Exercise objective: Pictures are not repeated. Every line from the beginning of the entries through the one with "Тело желобного колодца" is restated exactly.

Extracted records:
=== Section Start ===

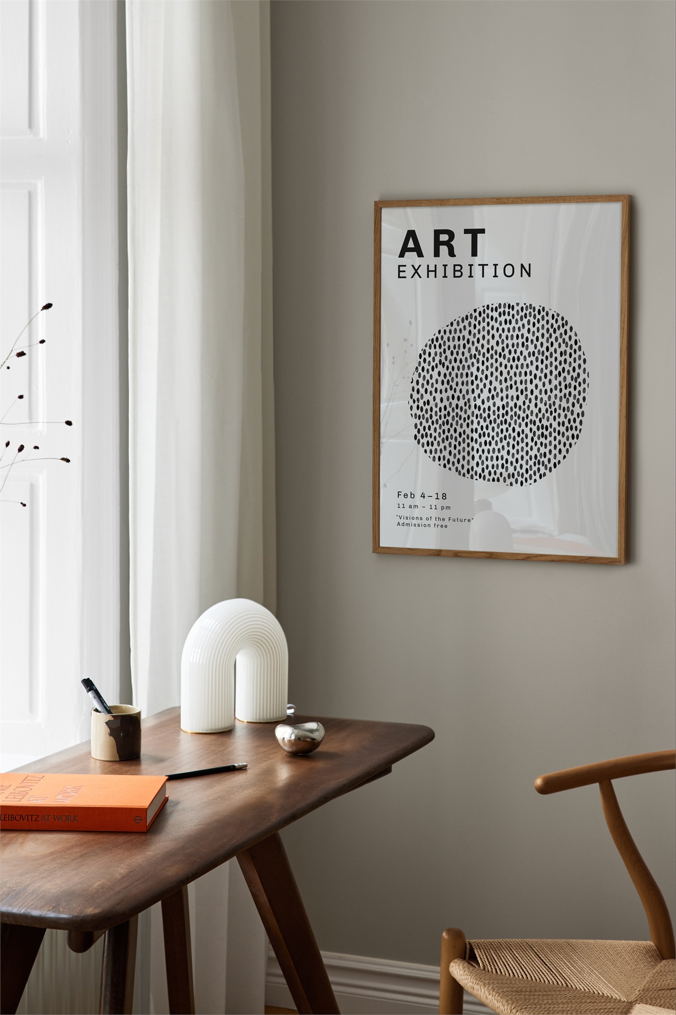 Этот постер, по дизайну напоминающий флаер художественной выставки, придаст уникальный штрих вашему домашнему интерьеру. Нейтральные тона серого и черного никогда не ошибутся.
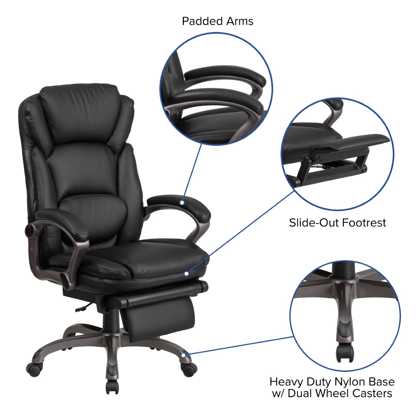 HIGH BACK BLACK LEATHERSOFT EXECUTIVE RECLINING ERGONOMIC SWIVEL OFFICE CHAIR WITH OUTER LUMBAR CUSHION AND ARMS
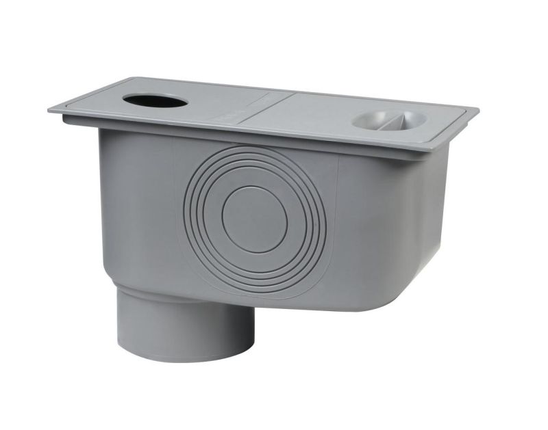 Тело желобного колодца имеет вертикальный выход для канализационных труб диаметром 110 мм. На боковых стенках корпуса имеются дополнительные тиснения для канализационных труб диаметром 50; Ø 80; Ø 90; Ø 100; Ø 110 мм, который при необходимости можно вырезать и подключить к боковому сливу.
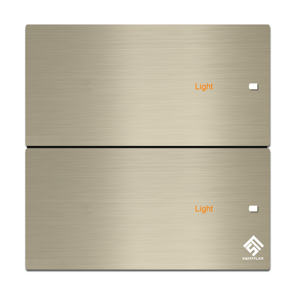 2gang touch smart switch Champagne Gold H-series is a cutting-edge smart switch that combines elegant design and advanced functionality. With its champagne gold color and brushed stainless steel finish, this 2gang touch smart switch adds a touch of sophistication to any home or office decor. It offers seamless connectivity, allowing multiple panel installations to create a unified control system. This touch smart switch has Wi-Fi capabilities, linked devices can be scheduled and controlled remotely. This smart light switch offers a practical and fashionable answer for controlling your lights, fans, or other appliances.
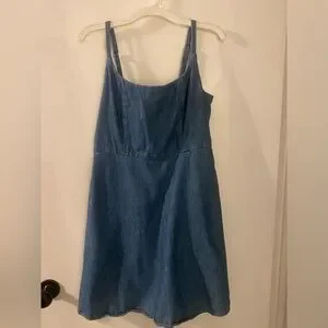 denim style cami dress with scoop neck, adjustable straps, smocked back & seamed waist.
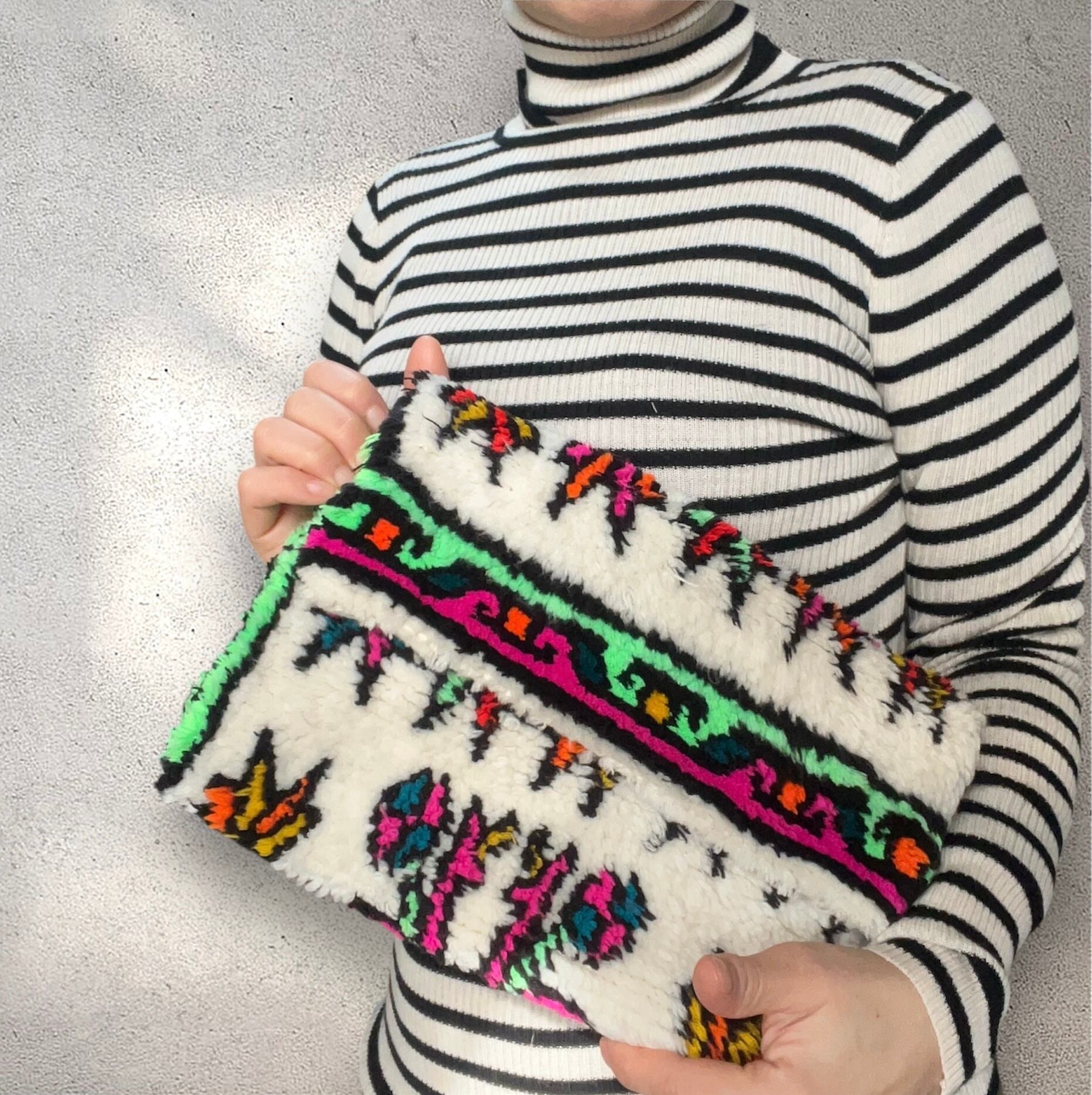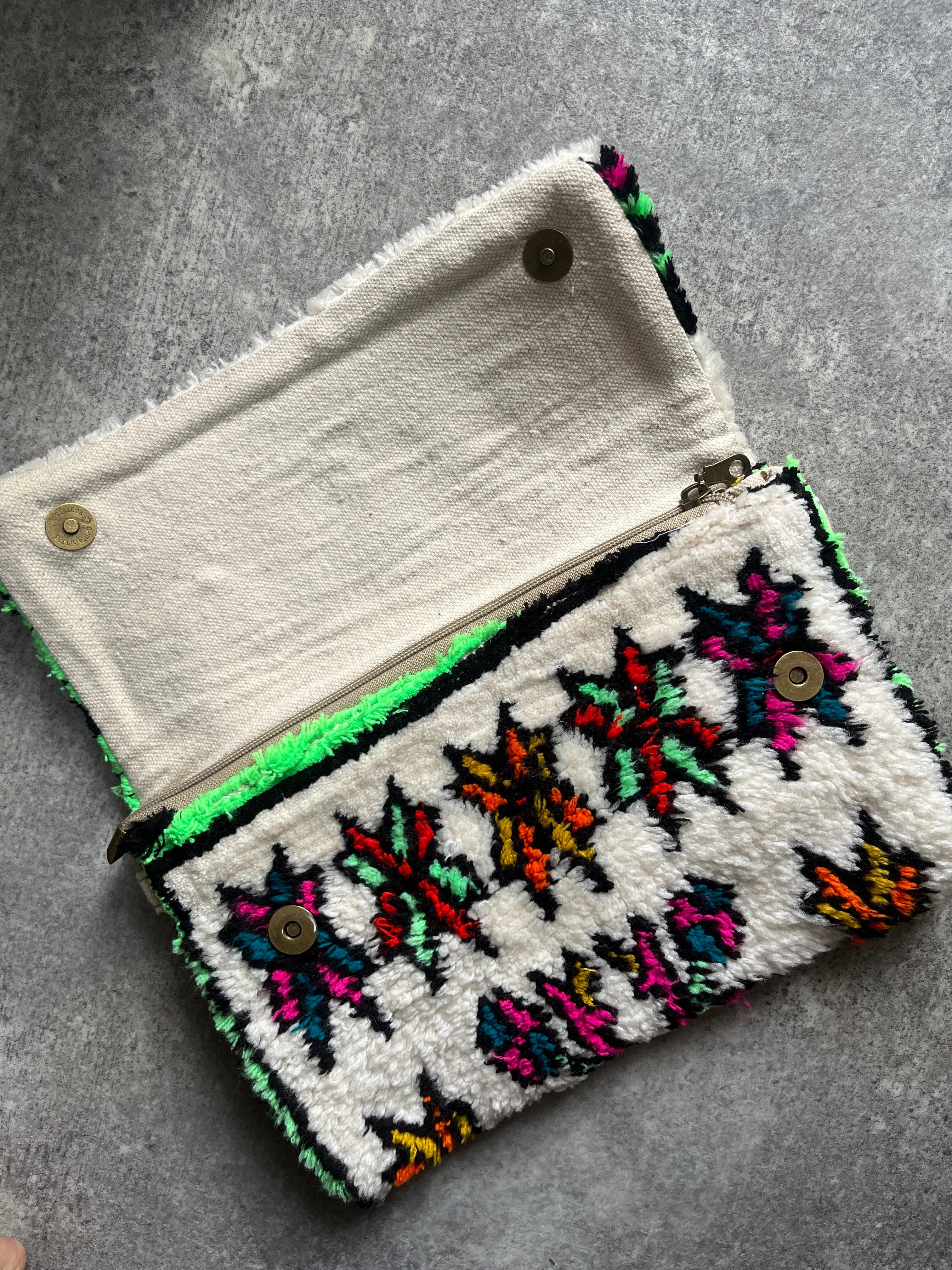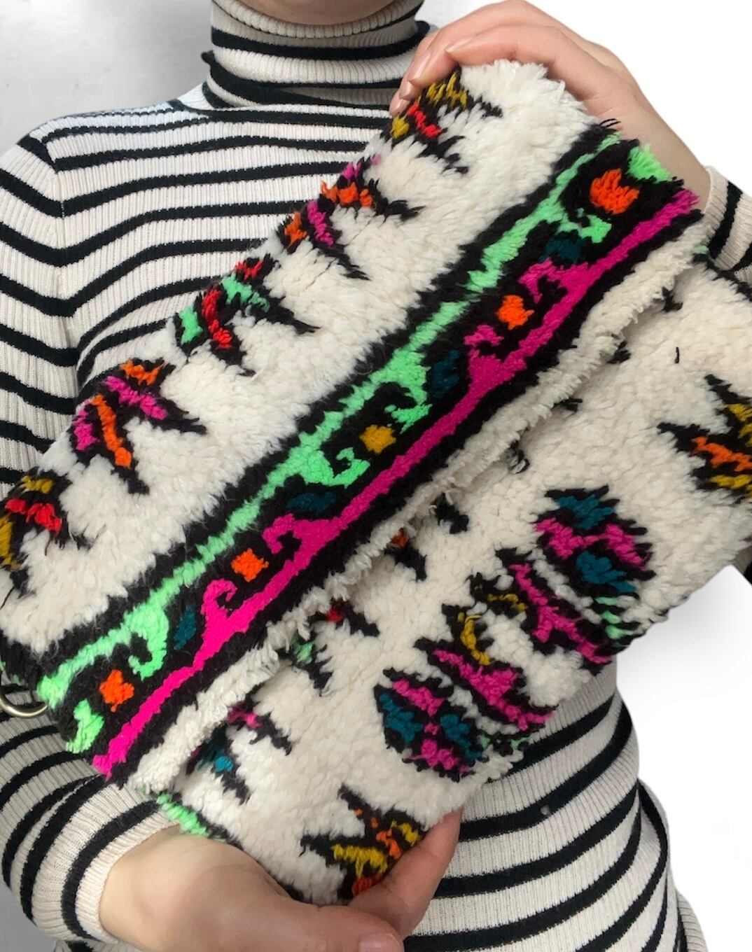ホワイト地をベースに、ネオンカラーのデザインが目を惹き、視線を釘付けにしてしまうバッグ。
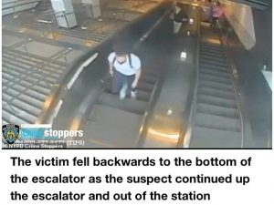 The victim fell backwards to the bottom of the escalator as the suspect continued up the escalator and out of the station.
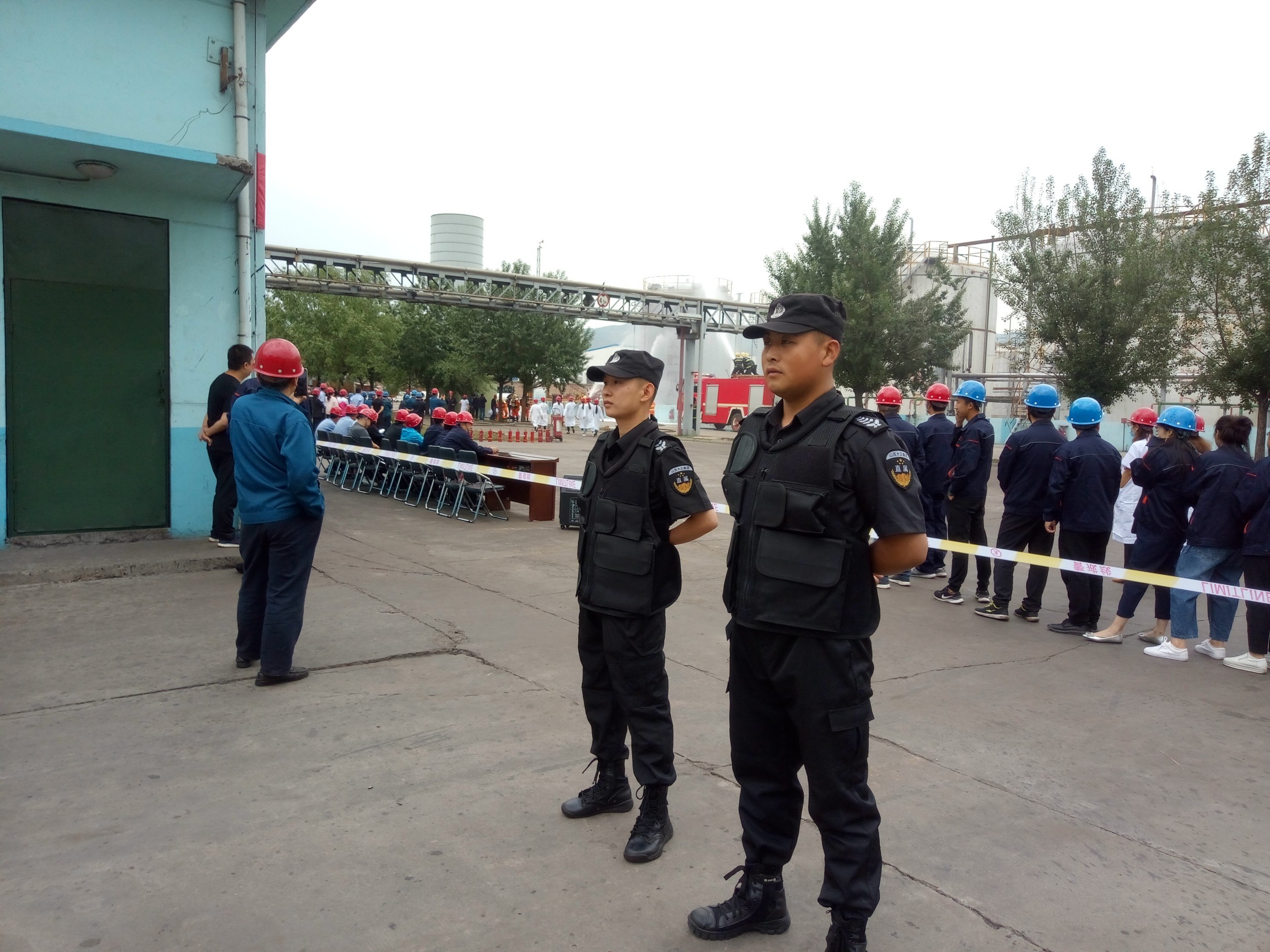 為了提高職工應(yīng)對突發(fā)事件能力,提高對重大危險源緊急事故的應(yīng)急處置技能,降低事故給企業(yè)帶來的財物損失率,減少事故對環(huán)境的影響,保障職工的生命和企業(yè)財產(chǎn)安全。6月15日,鑫宇公司駐勤點組織開展了一次關(guān)于“綜合罐區(qū)粗苯泄露燃燒事故應(yīng)急演練”,本次演練特邀岢嵐消防隊參與,縣安檢局、環(huán)保局等單位領(lǐng)導(dǎo)現(xiàn)場觀摩。在整個演練過程中我直屬隊員承擔警戒任務(wù),保證演練的順利進行。
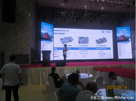商丘市中吉一汽汽车贸易有限公司牵引品系经理 贾雪震对新J6P AMT自动挡牵引车的核心卖点进行了深刻地讲解。
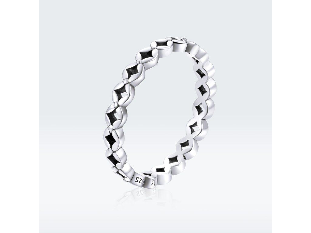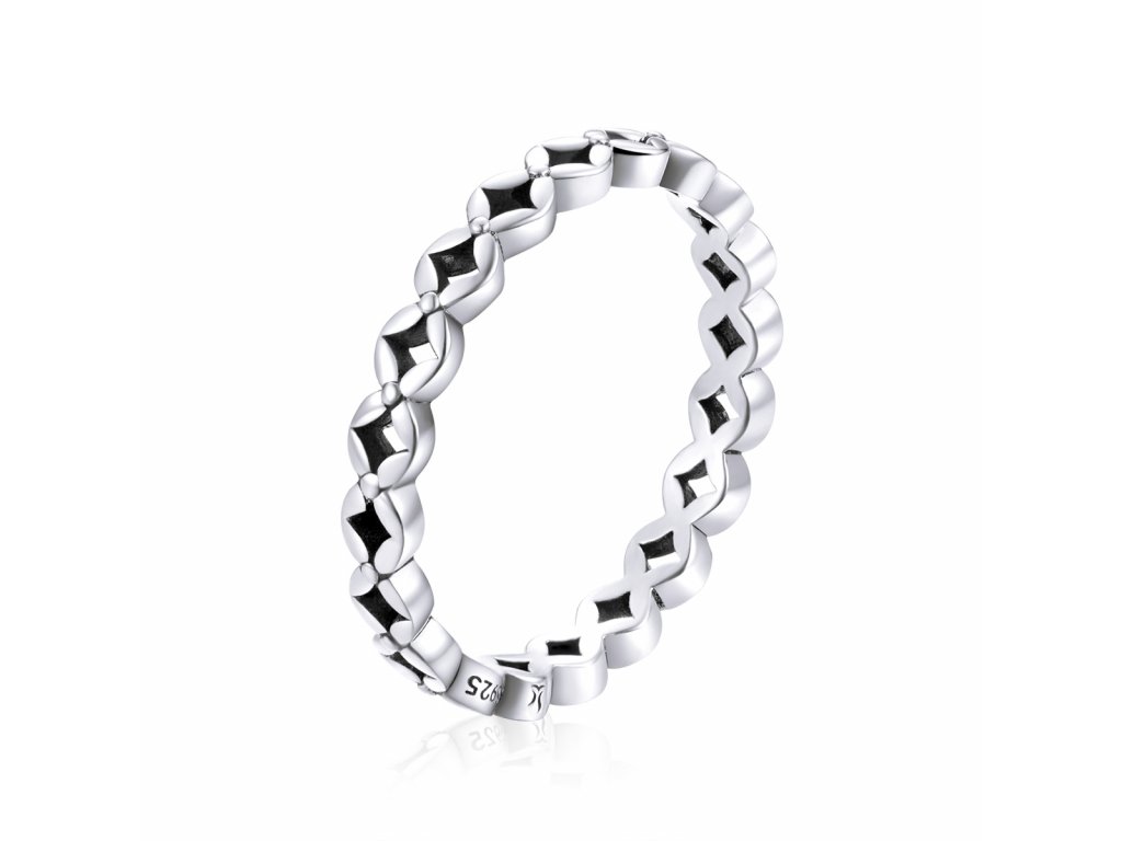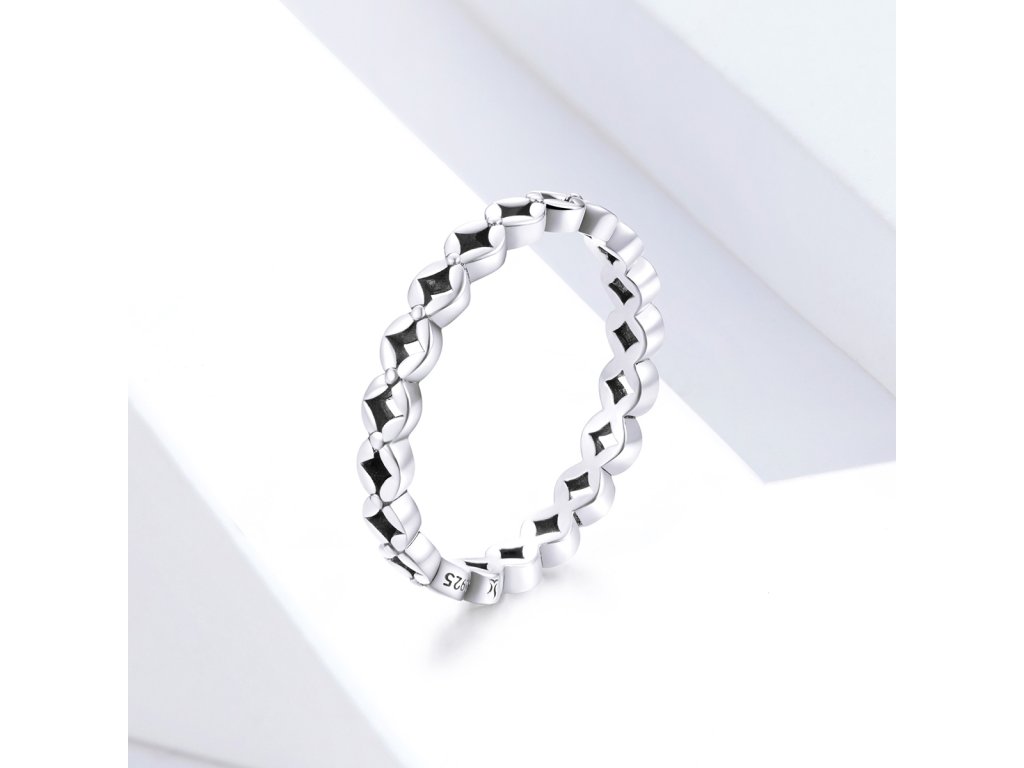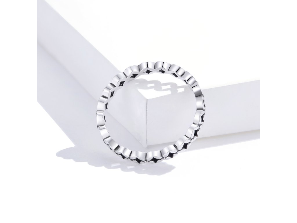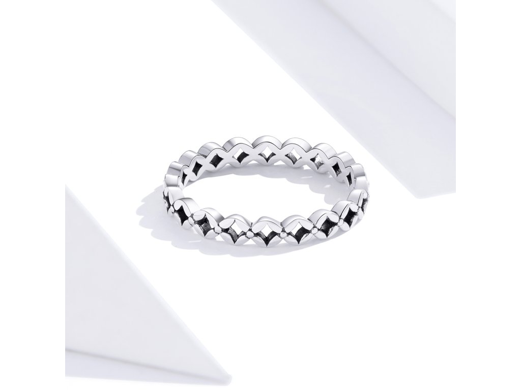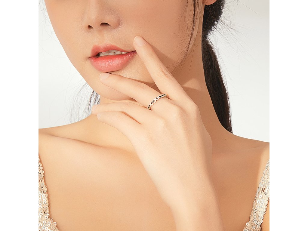 - Strieborný prsteň zdobený ručne vyrezávanými tvarmi pripomínajúcimi hviezdy. Výrezy sú zdobené technikou oxidácie, aby design viac vynikol.

=== Section End ===

Task answer:
 Этот постер, по дизайну напоминающий флаер художественной выставки, придаст уникальный штрих вашему домашнему интерьеру. Нейтральные тона серого и черного никогда не ошибутся.
 HIGH BACK BLACK LEATHERSOFT EXECUTIVE RECLINING ERGONOMIC SWIVEL OFFICE CHAIR WITH OUTER LUMBAR CUSHION AND ARMS
 Тело желобного колодца имеет вертикальный выход для канализационных труб диаметром 110 мм. На боковых стенках корпуса имеются дополнительные тиснения для канализационных труб диаметром 50; Ø 80; Ø 90; Ø 100; Ø 110 мм, который при необходимости можно вырезать и подключить к боковому сливу.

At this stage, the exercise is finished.